McCloskey: I’m an egalitarian, and I take it you are too. I believe that everyone is equal. I believed it when I was a Marxist—it’s why I was a Marxist—and I believe it now that I’m a non-Marxist. So I think a good society is one in which we’re equal. But then the question is what you mean by equal. The first wave of liberalism, I claim, and try to show, was equality of permission alone. It wasn’t subsidies for poor people, or government projects on a massive scale, and so forth. That wasn’t the appeal. That’s not what the revolutionaries of 1776 in the United States and 1789 in France were thinking of. That’s not what they wanted. You could say it in a kind of crude way: they wanted to be left alone. But that doesn’t mean nasty, extreme individualism where I only care about myself—that’s Donald Trump. No, it’s that they didn’t want kings and husbands to rule over them.
But there’s a second wave of liberalism after 1848, particularly in Europe, and it’s well illustrated by the personal history of John Stuart Mill, who in 1848 is a liberal of the sort I admire, this first kind, this equality of permission. But then he becomes, under the influence of his female friend and eventually his wife, more socialist. So it happens, in the middle of the nineteenth century, in Britain and also in the United States and France and everywhere else, that a statist version of equality comes to the fore. If you had to have a motto for the eighteenth century—I call it primary liberalism—it would be “no involuntary masters.” And if you had to have a motto for the second kind, socialism and the so-called new liberalism, which are both still alive in the world, the bumper sticker would be “no deserving poor.” The only way you can achieve the new deserving poor, according to the nineteenth century theorists, was to involve the state, to expand the state, to redistribute from you to me.
Whereas I claim, and I’ve been claiming for a while, that the first kind, the equality of permission—such as you see in China in the economy and not in politics—leads to enrichment, and leads to equality of important abilities. You have a roof over your head, you have some education, you’re not starving. So the equality that the mid-nineteenth century so-called liberals advocated is in fact achieved in a free society.
Mounk: I think this distinction between the two different notions of equality is very helpful. I also wonder whether in a lot of political debates, people’s instincts lie somewhere in between, or the distinction between which of these notions is actually at stake is not quite as clear as it might be. I found it striking that you describe the later John Stuart Mill as sympathetic to socialism. Certainly he writes a very interesting essay called, I think, Chapters on Socialism, or something like that. But it’s not clear to me that that essay goes all the way into the second camp, and the point here is not a disagreement about Mill, but I think it says something broader that is interesting.
The part of that essay I remember most vividly is where Mill talks about a hundred-yard dash that some sadist might imagine. He’s saying, let’s imagine that this is a totally fair race—a race in which you’re not artificially making somebody carry a heavy backpack, or one person has to jump over hurdles and the other person is running straight ahead. Even so, if the winner of this race got great riches and the last three people were shot, nobody would say that that is a good idea. Now the connection here is that you’re saying, well, actually, what happens if you have a free market and the incentives that go with that is that everybody becomes a lot richer, and I think there’s very strong evidence for that.

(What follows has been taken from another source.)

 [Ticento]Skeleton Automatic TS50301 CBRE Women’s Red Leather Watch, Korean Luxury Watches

If you look at the history of China after it opened up to the market, if you look at the history of Ireland, as you pointed out, it’s absolutely true that we need free competition, these market incentives, in order to do that.

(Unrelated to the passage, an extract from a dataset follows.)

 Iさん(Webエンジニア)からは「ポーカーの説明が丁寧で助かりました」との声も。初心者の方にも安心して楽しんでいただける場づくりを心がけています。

But of course, Mill was writing at a time when there was no universal elementary school education, when if you went into debt somewhere, you might be put in prison, and so on. If you happened to be disabled and you didn’t have relatives who were kind enough to take care of you, you’d be a beggar on the street and put in some kind of poorhouse if you were lucky. And so surely there is a way of recognizing both of those values. Even the people who are relative libertarians today truly do, to some extent. They don’t want to abolish universal primary education—they might want primary education to come with vouchers from the state so that there’s competition within elementary schools, or something like that. But they don’t want to say, if you don’t happen to have parents who want to pay for your education at the age of eight, you’re just not going to learn to read or write.
So isn’t there a way to recognize both of those points? To say that part of what we want with equality is that absence of arbitrary masters, that absence of rules that constrain our economic activity for no good reason, which then allows social wealth to accumulate, and is the reason why we’re so much richer today than we were 300 years ago. But of course, we also want to make sure that everybody has the opportunity to a good education, which requires some kind of state intervention, and that those people who are most at risk of the vicissitudes of life are protected in some kind of way—whether that is help to those who are disabled, or those who had some kind of accident and were unable to care for themselves, or whether that’s some kind of social insurance scheme like Social Security, so that people aren’t destitute in old age, or unemployment benefits.
McCloskey: Yeah, well, I entertained that feeling earlier in my life, and thought, yeah, that’s right, we should have the economic and social safety net, as it’s called. I’ve become slowly convinced that it has grave dangers. The Swedes were, of course, the great example of a democratic country with free speech and free press and so forth, but nonetheless had a very big and impressive social safety net. They had a crisis in the 1990s. Seventy-eight percent of production in Sweden went through the state. Now, it wasn’t state-owned enterprises, it was very high taxation, and then very high social benefits of various kinds. In the 1990s—I’m a historian—they realized that this wasn’t working very well, and they introduced, for example, vouchers for schools. So though the state was paying for the schools, it was allowing private schools. Now one quarter of the K-through-12 students in Sweden are in private schools. In a number of other ways, Sweden liberalized. So that’s a nice example of trying to get the balance right.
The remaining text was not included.